# Inequality proof help

1. Oct 5, 2013

### synkk

Using only the axioms of arithmetic and order, show that:

for all x,y satisfy 0≤x, 0≤y and x≤y, then x.x ≤ y.y

I'm really lost on where to start, my attempt so far was this

as 0 <= x and 0 <= y, we have 0 <= xy from axiom (for all x,y,z x<=y and 0<=z, then x.z <=y.z). then we use the same axiom to get y.y >= 0, but not sure where to go from there

2. Oct 5, 2013

### Ray Vickson

There are several versions of the "axioms", so you need to tell us exactly what axioms you are given.

3. Oct 5, 2013

### gopher_p

Do you see how your axiom, when applied to the hypothesis that 0≤x, 0≤y and x≤y, gives you both x.x≤y.x and x.y≤y.y?

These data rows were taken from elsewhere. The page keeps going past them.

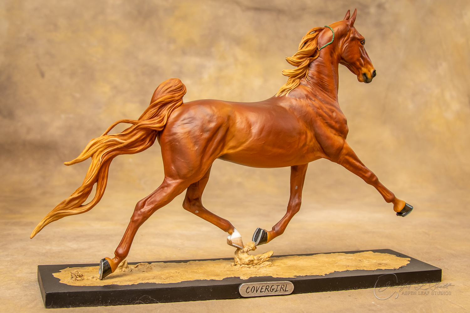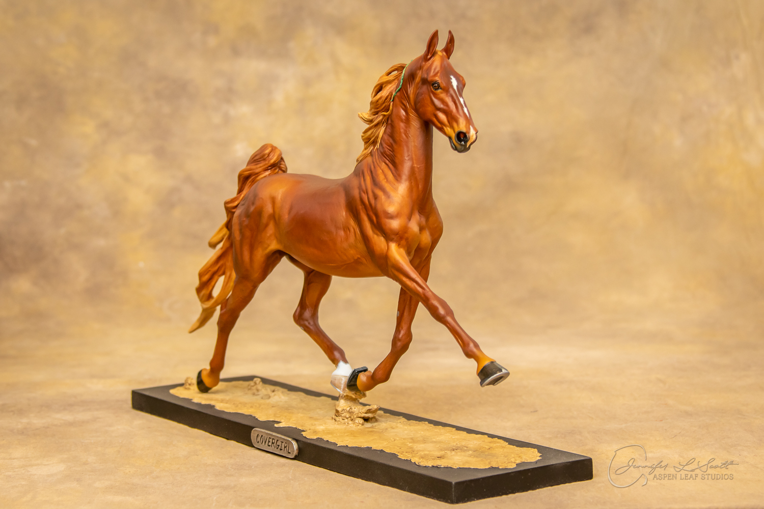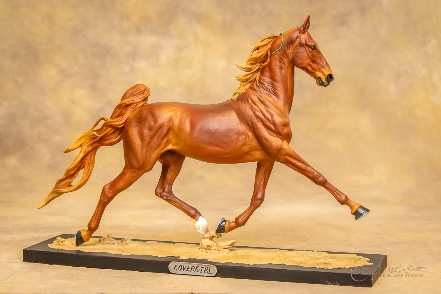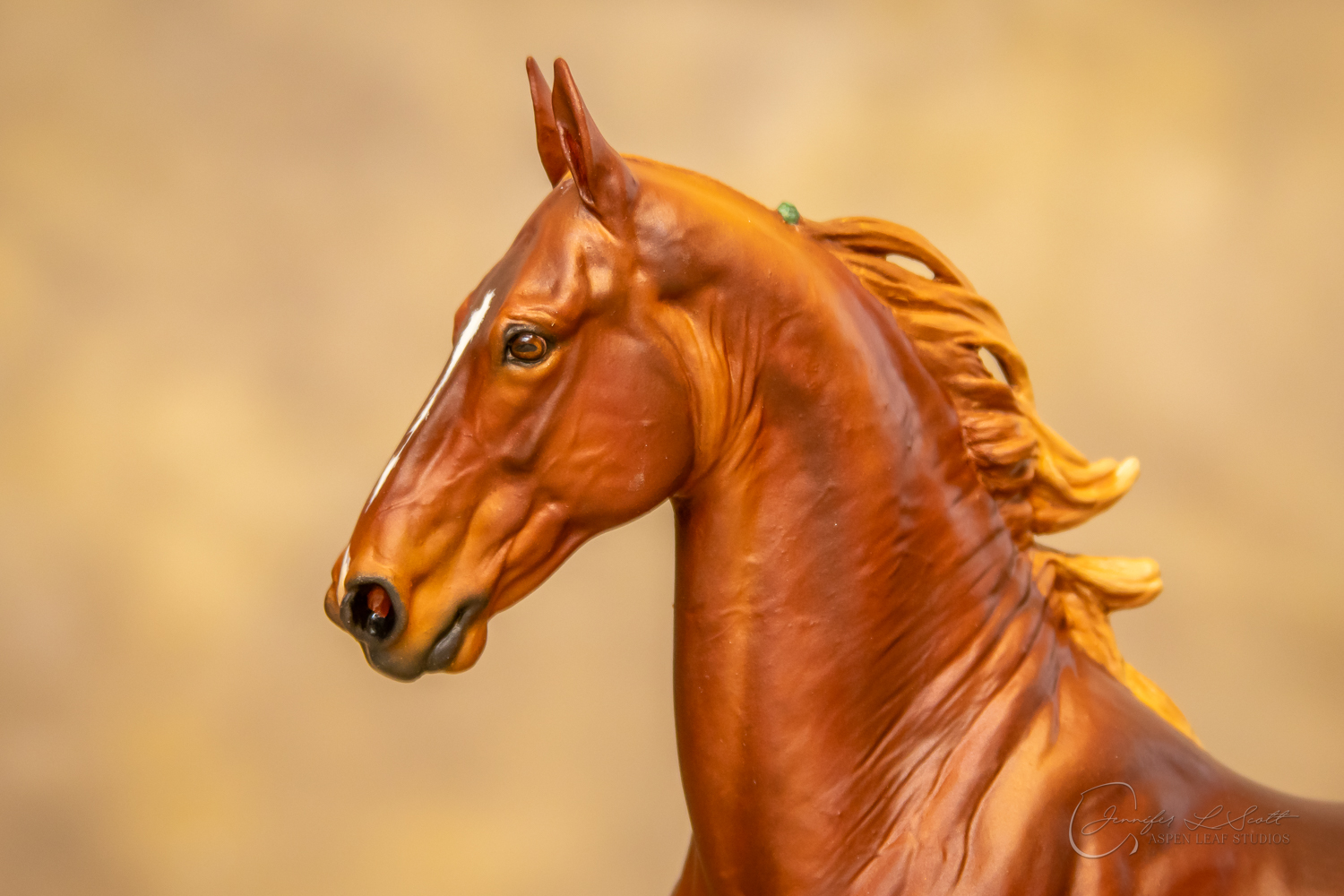 Painted standard chestnut with a green and yellow ribbon in 2017.
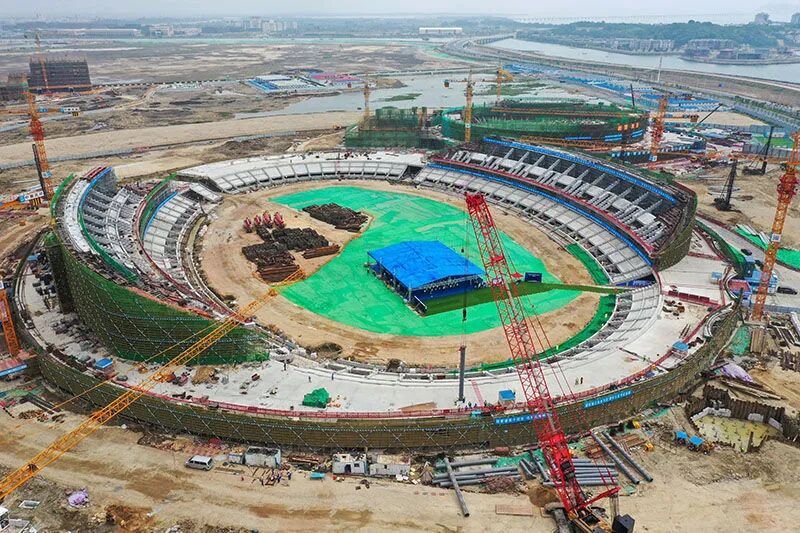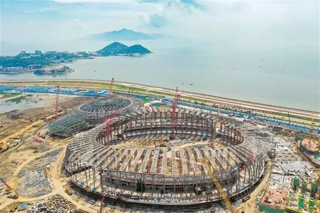▲8月30日,2021年亚青会主场馆项目钢结构主体全面封顶。
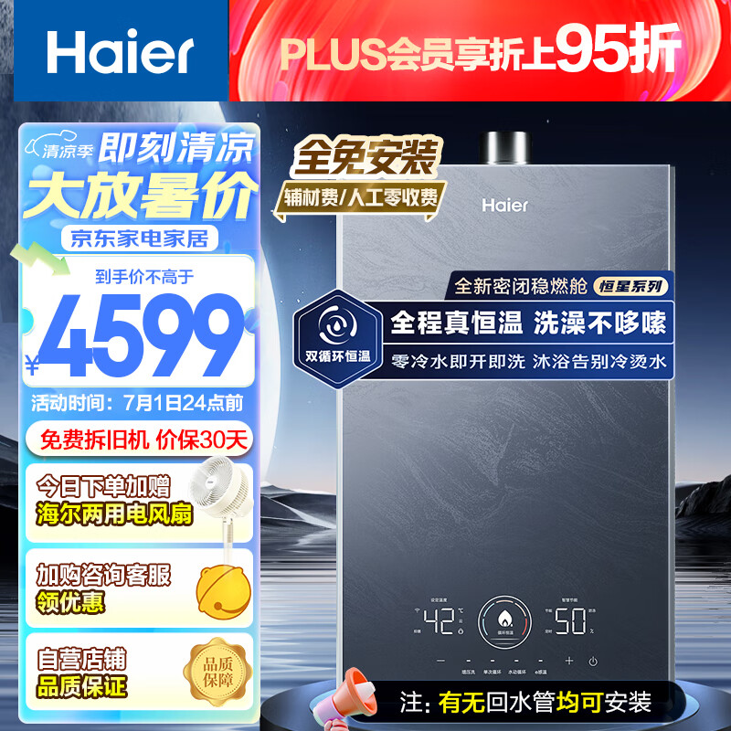 海尔(Haier)16升【恒星KN7S】零冷水燃气热水器天然气双循环恒温 TSI增压静音JSQ31-16KN7SFRAGU1【以旧换新】价格:4999.00元!
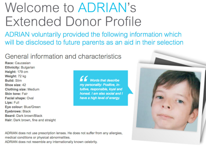 According to the selected criteria, appears a list of donors with for each of them a profile summarized in a form. The basic profile corresponds to the morphological and physiological criteria selected by the user. The price of the gametes is specified, it is a function of the mobility and the concentration of the spermatozoa, the available stock and if it is raw or purified sperm (in order to obtain a greater number of functional spermatozoa and of eliminating toxic or damaging substances) for intrauterine insemination or IVF. Added to this is the donor’s medical record, the result of a genetic screening to exclude those carriers of mutations associated with risks of communicable diseases (the list is on the bank’s website) and a background questionnaire. medical relatives. It is also possible to access when it exists, the extended profile of the donor that contains psychosocial information: a voice recording, photos of his child, a handwritten letter and a self-portrait presenting his family and social identity. Thus, on his Adrian sheet (Figure 2) tells that being an “open” donor he undertakes to reveal his identity (his real name, his address, etc.) to the majority of the child. Thanks to this expanded profile, the Internet user can have the impression of getting to know him: to hear his voice, to read his writing, to know who Adrian is, to know his level of education, his job, what he likes in life and the reason he is a sperm donor.
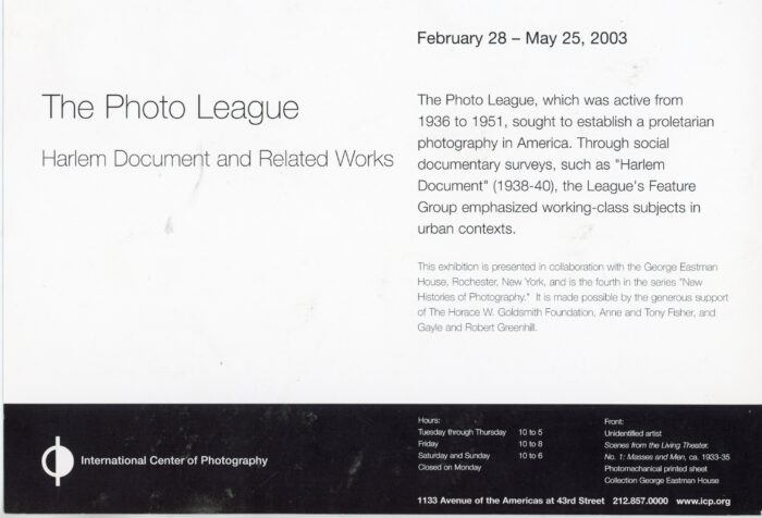 The Photo League, Scenes from the Living Theatre: No 1. Masses and Men, International Center of Photography, Card, 2003
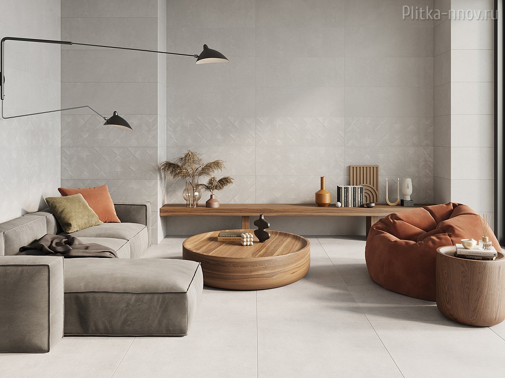 Коллекция Origami объединила в себе принципы японского искусства складывания фигурок из бумаги — оригами и паттерн в виде пэчворка, который сочетает в себе белый мрамор, терраццо и бетон. Нейтральный серый цвет коллекции служит прекрасным фоном для актуального минималистичного интерьера в стиле джапанди. А добавляя в интерьер деревянные декоративные элементы можно сделать его более уютным и комфортным.

Do you see where to go from here?

4. Oct 6, 2013

### synkk

Thanks I got it from there.

How would I go about proving it the other way? I.e. if 0 <= x, 0 <= y, x.x <= y.y then x <= y? How would I prove that? I have gotten to (x-y).(x-y) <= 0 but not sure how to actually prove it using the axioms which are:

A1 (x+y)+z = x+(y+z)
A2 x + y = y + x
A3 x + 0 = x for all x
A3 x + (-x) = 0
A5 x.(y.z) = (x.y).z
A6 x.y = y.x
A7 x.1 = x
A8 x.x^(-1) = 1
A9 x.(y+z) = (x.y) +(x.z)

A10 x<=y or y<=x for all x,y
A11 if x<=y and y <=x then x = y
A12 x<=y and y <=z then x<=z
A13 x<=y then x + z <= y + z
A14 x<=y and 0<=z then x.z <=y.z

5. Oct 6, 2013

### gopher_p

I think the easiest way to prove this is by contradiction.

If you want to try this, I think it'd be easier to start with $0\leq y^2-x^2=(y+x)(y-x)$.

Last edited: Oct 6, 2013